**What this task involves**
Your job is to give again, exactly and with no additions, the lines in the records below from the one with "4月中旬,病原菌由叶背面开始" through the one with "Jack Russell MBE", both included. Omit the pictures.

**Data for analysis**
***
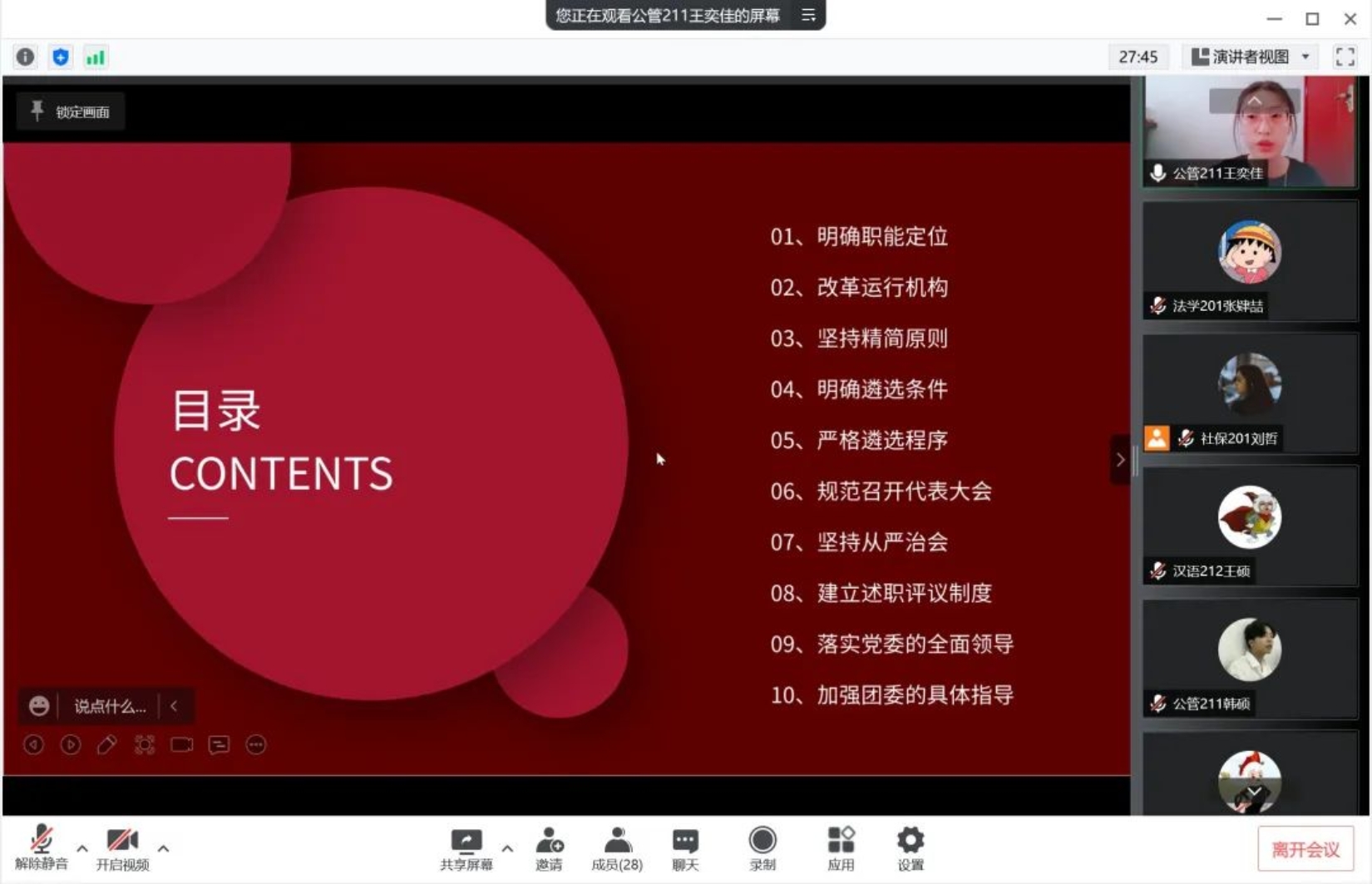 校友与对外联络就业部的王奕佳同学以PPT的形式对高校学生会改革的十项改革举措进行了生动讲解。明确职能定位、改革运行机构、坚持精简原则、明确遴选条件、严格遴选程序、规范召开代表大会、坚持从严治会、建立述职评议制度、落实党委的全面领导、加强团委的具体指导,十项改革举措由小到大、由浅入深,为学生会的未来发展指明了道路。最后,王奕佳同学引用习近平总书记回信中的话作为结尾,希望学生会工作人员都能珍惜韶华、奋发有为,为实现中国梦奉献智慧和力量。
***
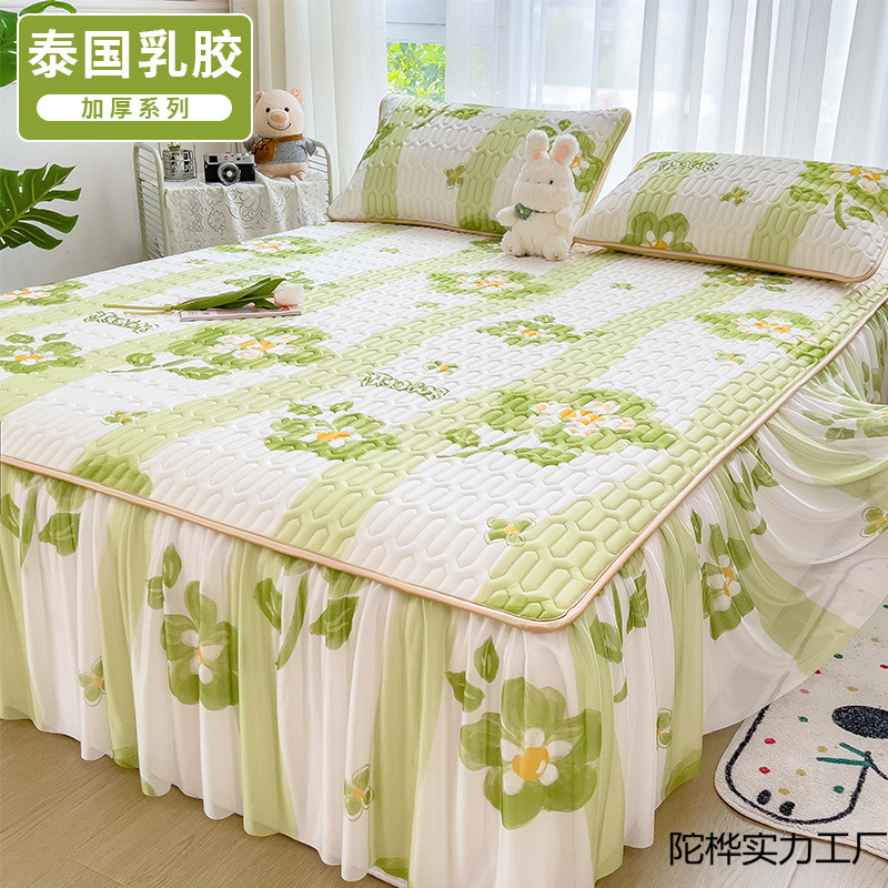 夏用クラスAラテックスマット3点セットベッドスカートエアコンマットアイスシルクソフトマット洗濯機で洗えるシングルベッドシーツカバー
***
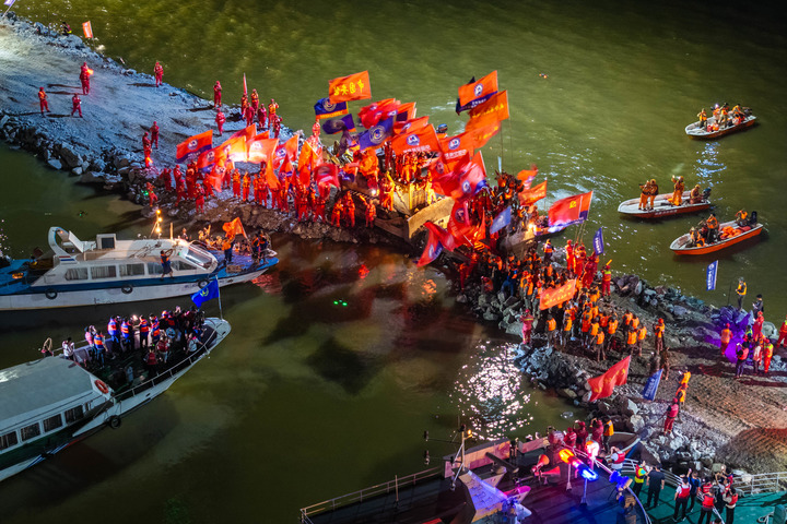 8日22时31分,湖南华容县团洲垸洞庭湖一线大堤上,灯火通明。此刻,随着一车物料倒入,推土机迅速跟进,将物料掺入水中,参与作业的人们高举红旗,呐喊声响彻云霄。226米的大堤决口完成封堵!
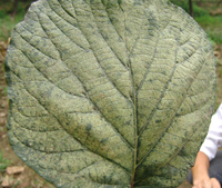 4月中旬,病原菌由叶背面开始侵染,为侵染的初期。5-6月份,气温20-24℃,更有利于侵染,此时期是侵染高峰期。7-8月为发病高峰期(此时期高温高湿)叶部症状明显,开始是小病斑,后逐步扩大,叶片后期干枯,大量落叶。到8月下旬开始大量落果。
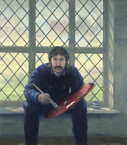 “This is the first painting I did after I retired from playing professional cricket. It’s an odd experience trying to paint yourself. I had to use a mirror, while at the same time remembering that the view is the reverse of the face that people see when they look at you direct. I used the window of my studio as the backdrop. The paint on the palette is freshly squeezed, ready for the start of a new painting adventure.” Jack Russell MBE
***
**Response for this exercise**
 4月中旬,病原菌由叶背面开始侵染,为侵染的初期。5-6月份,气温20-24℃,更有利于侵染,此时期是侵染高峰期。7-8月为发病高峰期(此时期高温高湿)叶部症状明显,开始是小病斑,后逐步扩大,叶片后期干枯,大量落叶。到8月下旬开始大量落果。
 “This is the first painting I did after I retired from playing professional cricket. It’s an odd experience trying to paint yourself. I had to use a mirror, while at the same time remembering that the view is the reverse of the face that people see when they look at you direct. I used the window of my studio as the backdrop. The paint on the palette is freshly squeezed, ready for the start of a new painting adventure.” Jack Russell MBE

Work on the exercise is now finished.